| Problem to work on |
The copy you produce must repeat each record exactly and contain no pictures.
::::
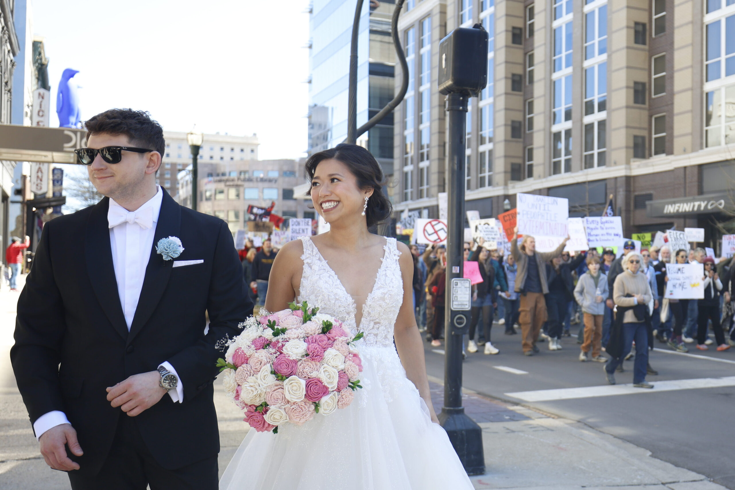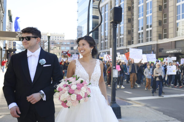 A couple on their wedding day walks down Main St. during the “No Kings” protest outside the Robert F. Stephens Courthouse, in Lexington, Kentucky, on Saturday, March 28, 2026. Sydney Novack/The Watchdog
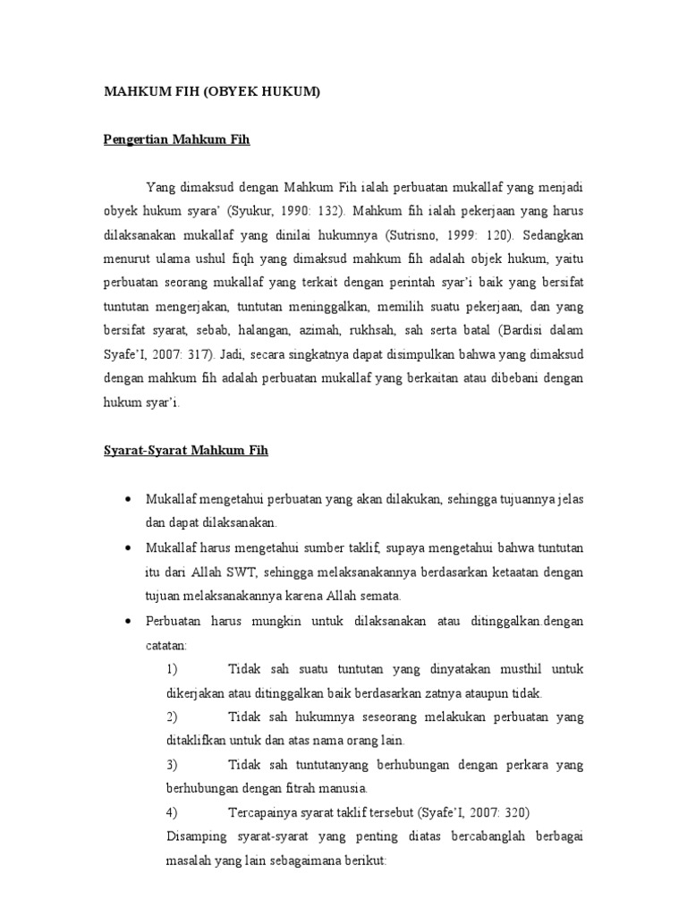 Secara etimologi mahkum fih adalah obyek hukum, artinya suatu perbuatan mukalaf yang berhubungan dengan hukum syari‟. Mahkum alaih ialah seorang mukallaf yang perbuatannya berhubungan dengan hukum syara'. Unsur hukum didalam agama islam ulamaq usul, menyebutkan ada dua macam, mahkum fih dan mahkum alaih. Ulama ushul fiqih telah sepakat bahwa mahkum alaih adalah seseorang yang perbuatannya dikenai khitab allah ta'ala, yang disebut mukallaf. Bab i pendahuluan atas dasar bahwa hukum syara' itu adalah kehendak allah tentang tingkah laku manusia mukallaf, maka dapat dikatakan bahwa pembuat hukum ( lawgiver ) adalah.
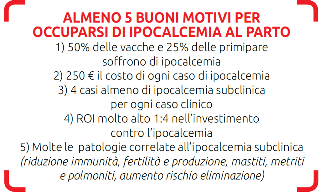 Il costo complessivo di questo triplice approccio si aggira intorno ai 35-40 € per vacca partorita con un ROI di 1:4 sui 250 € a caso di ipocalcemia che rischia di coinvolgere circa il 50% della mandria, in normali corrette condizioni gestionali di allevamento.
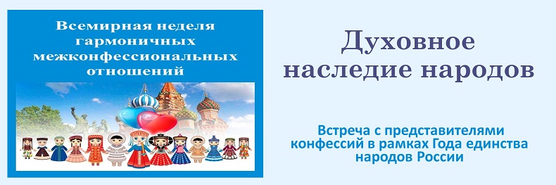 «Духовное наследие народов»: встреча с представителями разных конфессий города в рамках Года единства народов России и Всемирной недели гармоничных межконфессиональных отношений
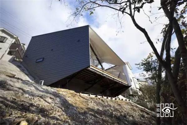 这个K形房屋好像镶嵌在悬崖的斜坡上,在喧闹的城市中只占据着一丢丢有限的空间。房子的门朝后开,站在窗前,整个山下的城市尽收眼底。
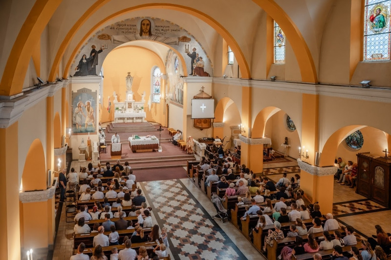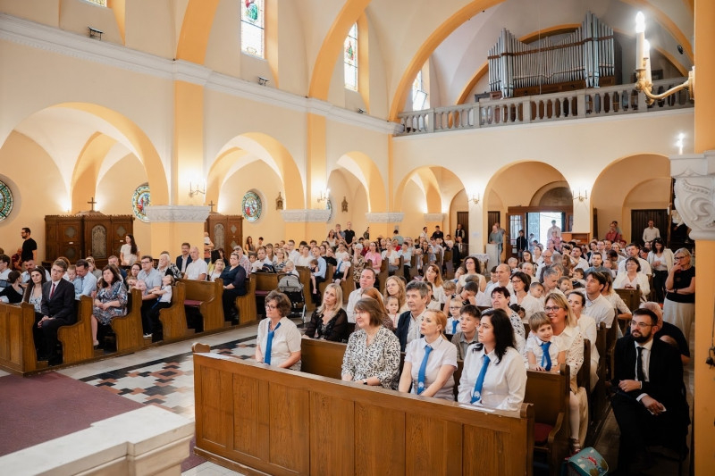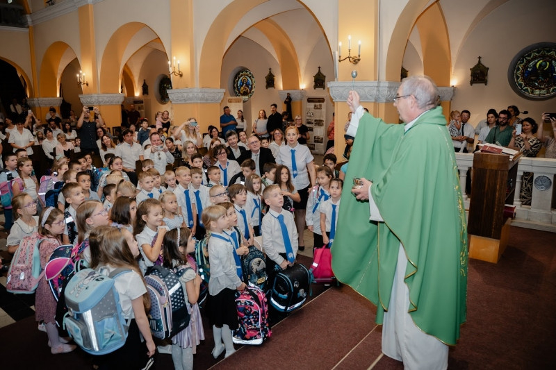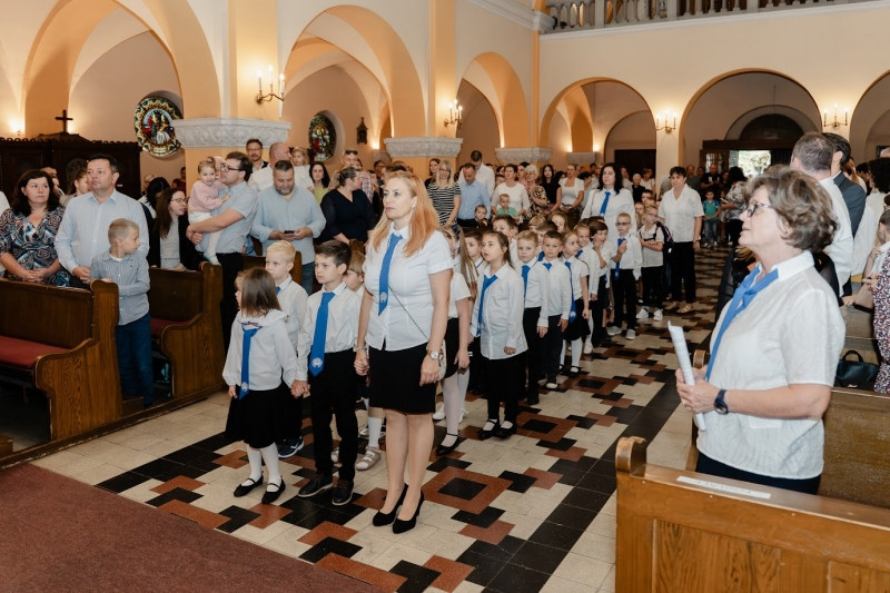 A kisdiákok ünnepélyes keretek között vonultak be a templomba osztálytanítóik vezetésével.
::::
| Task response |
 A couple on their wedding day walks down Main St. during the “No Kings” protest outside the Robert F. Stephens Courthouse, in Lexington, Kentucky, on Saturday, March 28, 2026. Sydney Novack/The Watchdog
 Secara etimologi mahkum fih adalah obyek hukum, artinya suatu perbuatan mukalaf yang berhubungan dengan hukum syari‟. Mahkum alaih ialah seorang mukallaf yang perbuatannya berhubungan dengan hukum syara'. Unsur hukum didalam agama islam ulamaq usul, menyebutkan ada dua macam, mahkum fih dan mahkum alaih. Ulama ushul fiqih telah sepakat bahwa mahkum alaih adalah seseorang yang perbuatannya dikenai khitab allah ta'ala, yang disebut mukallaf. Bab i pendahuluan atas dasar bahwa hukum syara' itu adalah kehendak allah tentang tingkah laku manusia mukallaf, maka dapat dikatakan bahwa pembuat hukum ( lawgiver ) adalah.
 Il costo complessivo di questo triplice approccio si aggira intorno ai 35-40 € per vacca partorita con un ROI di 1:4 sui 250 € a caso di ipocalcemia che rischia di coinvolgere circa il 50% della mandria, in normali corrette condizioni gestionali di allevamento.
 «Духовное наследие народов»: встреча с представителями разных конфессий города в рамках Года единства народов России и Всемирной недели гармоничных межконфессиональных отношений
 这个K形房屋好像镶嵌在悬崖的斜坡上,在喧闹的城市中只占据着一丢丢有限的空间。房子的门朝后开,站在窗前,整个山下的城市尽收眼底。
 A kisdiákok ünnepélyes keretek között vonultak be a templomba osztálytanítóik vezetésével.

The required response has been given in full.